Design: we used the CST Microwave Studio Frequency Solver to design the linear metasurface. The refractive indices of materials were measured using a spectroscopic ellipsometer. The nonlinear simulations were performed in Comsol Multiphysics. The nonlinear coefficient was measured using a in-home Z-scan setup.

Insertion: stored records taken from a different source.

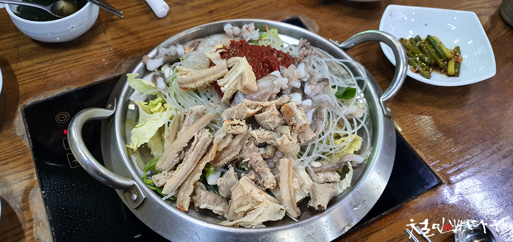 제일 잘 팔리는 메뉴로, 산낙양곱전골(산낙지양곱창전골)이라고 해서,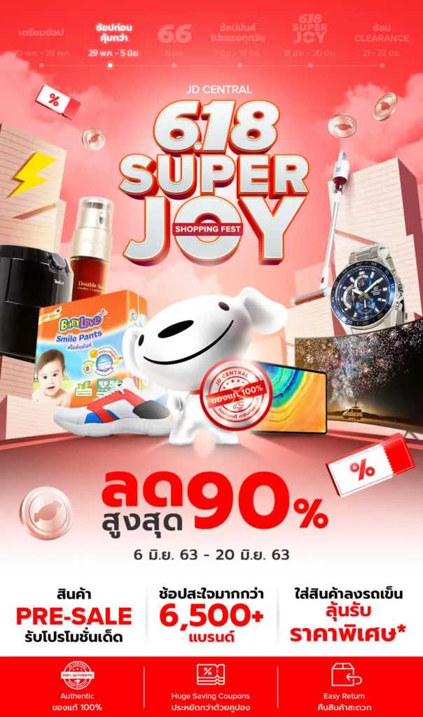 京东还将中国“6·18”模式复制向全球市场。5月30日,京东泰国合资电商平台JD Central(JDC)宣布正式启动“JD Central 618 Super Joy购物节”,首阶段以预热销售为主,覆盖6,500多个品牌商品;后续更是推出超级限时抢购等特色玩法,为中国品牌搭建认知升级的营销场景。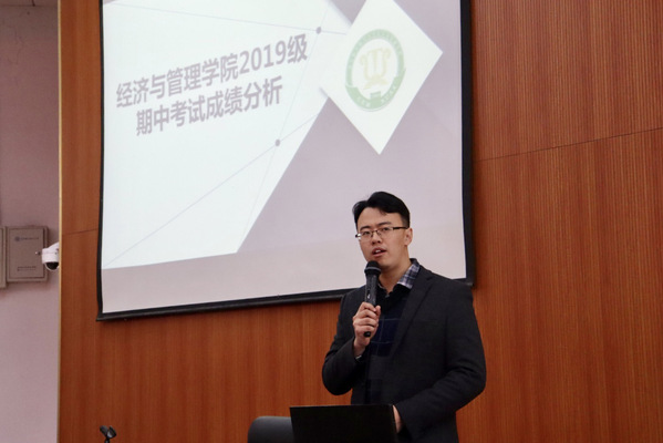 接着,康冲从成绩分布、高分比例、横纵向比较等多个角度入手,具体分析了管理科学与工程类、工商管理类、经济与贸易类各班的期中考试成绩,帮助学生合理定位当前学习状况,并就同学们入学以来在学习方式、习惯养成上的问题,提供了一些有针对性的建议。最后,他结合学院学业与发展支持中心的工作发布了学院下一阶段在学困生帮扶、集中晚自习设立等一系列的工作安排。

Sample fabrication: an array of square chromium windows with size 150 $\mathsf{\mu }$m × 150 $\mathsf{\mu }$m was fabricated on a glass substrate. Then, the As${}_2$S${}_3$ film with the thickness of 500 nm was deposited on top via thermal evaporation in a Lesker PVD 75 deposition system equipped with a low temperature evaporation source. During the deposition, the substrate temperature was maintained at approximately $20{}^{\circ }$C. Inside each of the Cr windows, the ChG was patterned with a square array of blocks using electron-beam lithography (Vistec EBPG5000+ 100KV) with dosage $10.5$ mC/cm${}^2$. The area of the pattern is 132 $\mathsf{\mu }$m × 132 $\mathsf{\mu }$m. The chromium around the sample played a double role: (i) it enhanced the reflectivity of the substrate enabling automatic sample alignment, and (ii) it increased the sample conductivity allowing us to avoid accumulation of charges. After exposure, the sample was immersed in a 1:1 mixture of Microposit MF-319 developer and deionized water for 32 seconds to develop. After the development, the parts unexposed by the electron beam have been removed and the thickness of the sample was found to be 400 nm using the atomic-force microscopy. Finally, six layers of Poly(methyl methacrylate) were spin-coated on the sample to provide a symmetric refractive index.

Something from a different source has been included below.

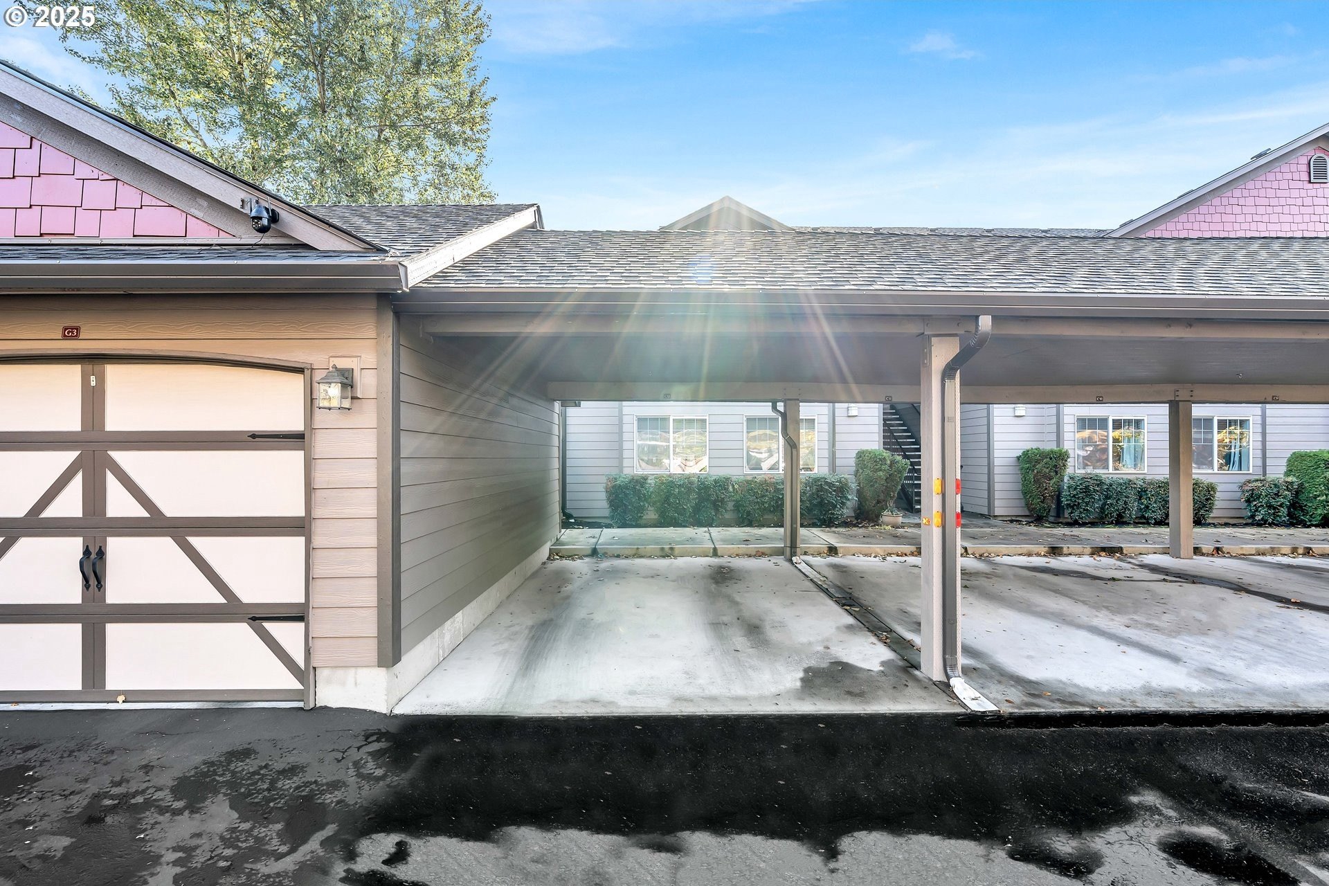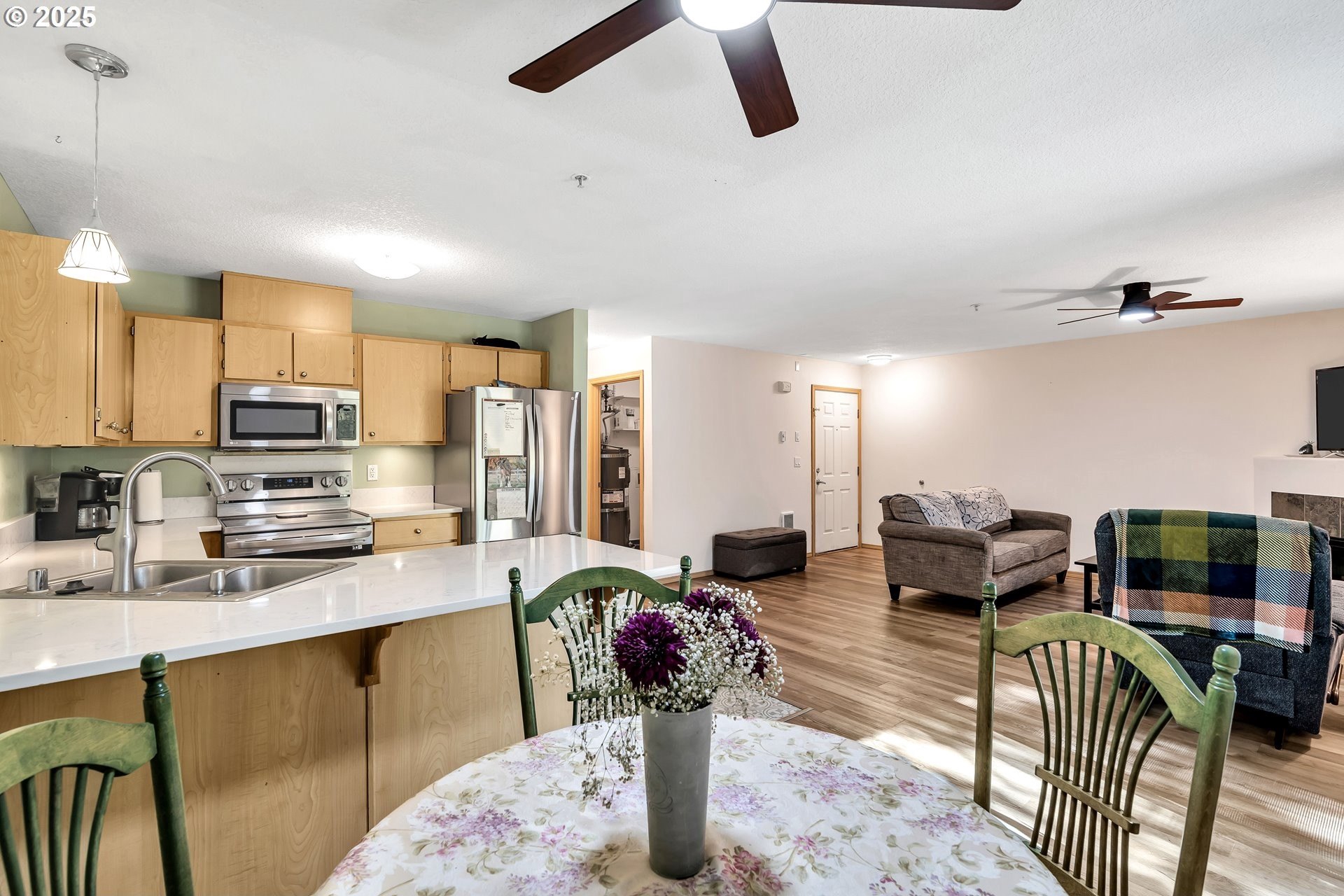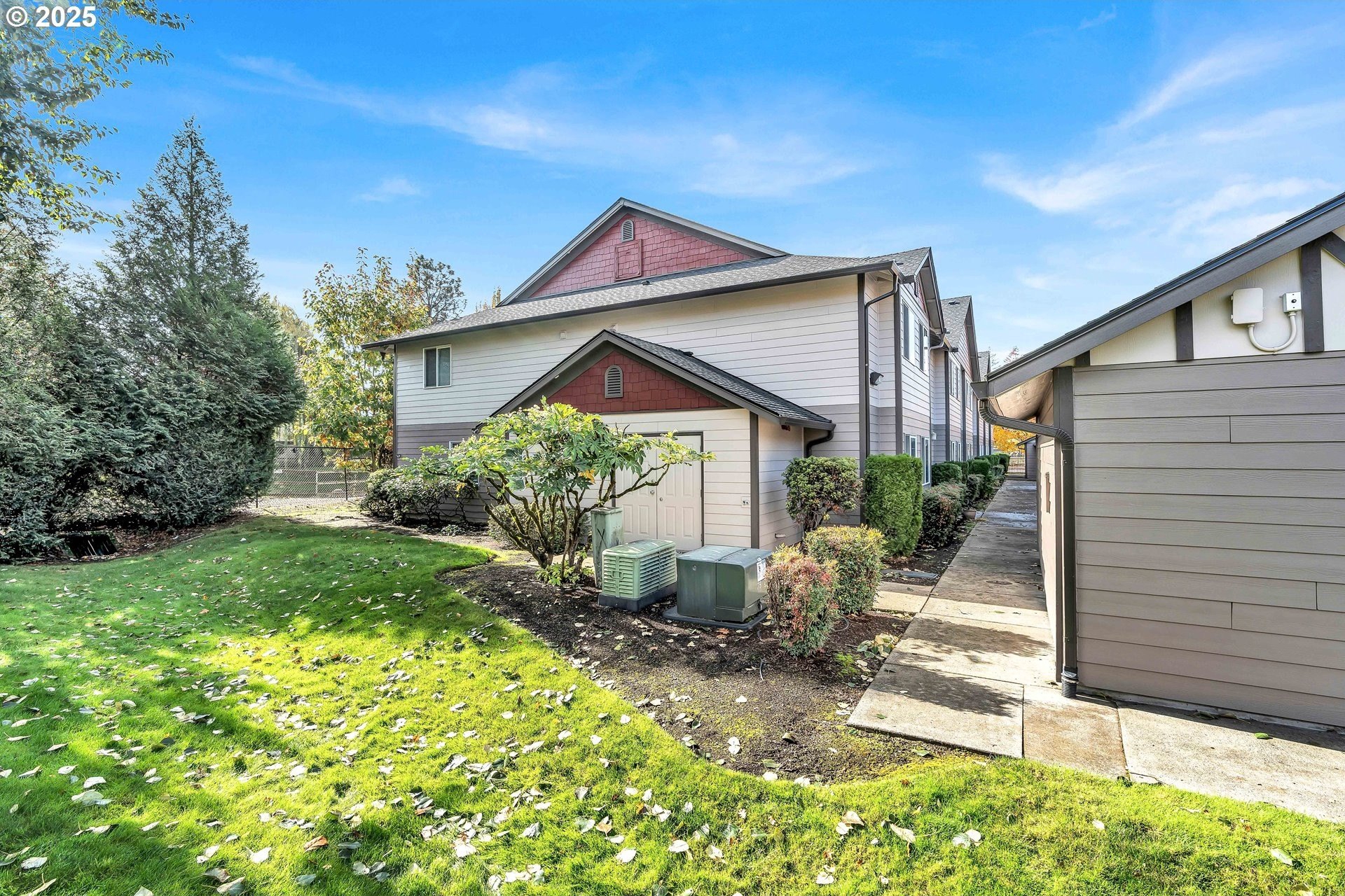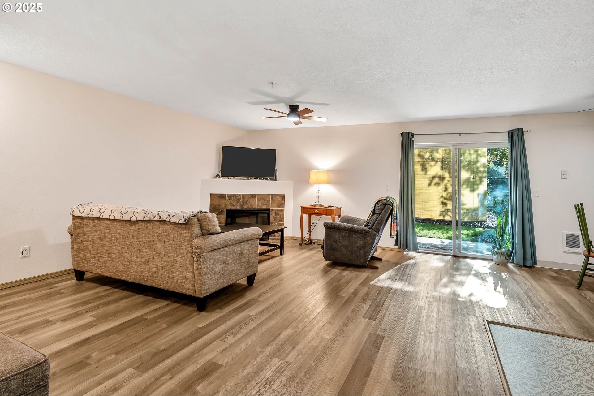 Beautifully maintained condo in excellent condition! Enjoy laminate flooring throughout and a spacious open layout connecting the kitchen, dining, and living areas. Sliding doors from the dining room open to a lovely backyard and large covered patio—perfect for relaxing or entertaining. Features include ceiling fans, a cozy faux fireplace with heat, stacked washer/dryer, refrigerator, stove, and a huge utility room. Covered parking is right outside your door, with plenty of guest parking nearby. Convenient location close to shopping, scenic trails, and Legacy Hospital (just ¼ mile away). HOA covers water, garbage, sewer, and landscaping, with strong reserves and well-kept grounds.

Experiment: to characterize the fabricated metasurface, we built a Mach–Zehnder interferometer, as shown in Figure 4e. To generate an HG mode, a phase plate was inserted in the main beam path. A glass substrate spin-coated with a layer of S1813 photoresist was used as a phase plate to delay the one part of the beam by half of the wavelength. The photoresist on half of the substrate was removed using photolithography. The edge of the photoresist was placed at the center of the main beam and a spatial light filter was placed after the phase plate to filter the HG mode.

Data availability: the data that support the findings of this study are available from the authors on reasonable request, see author contributions for specific data sets.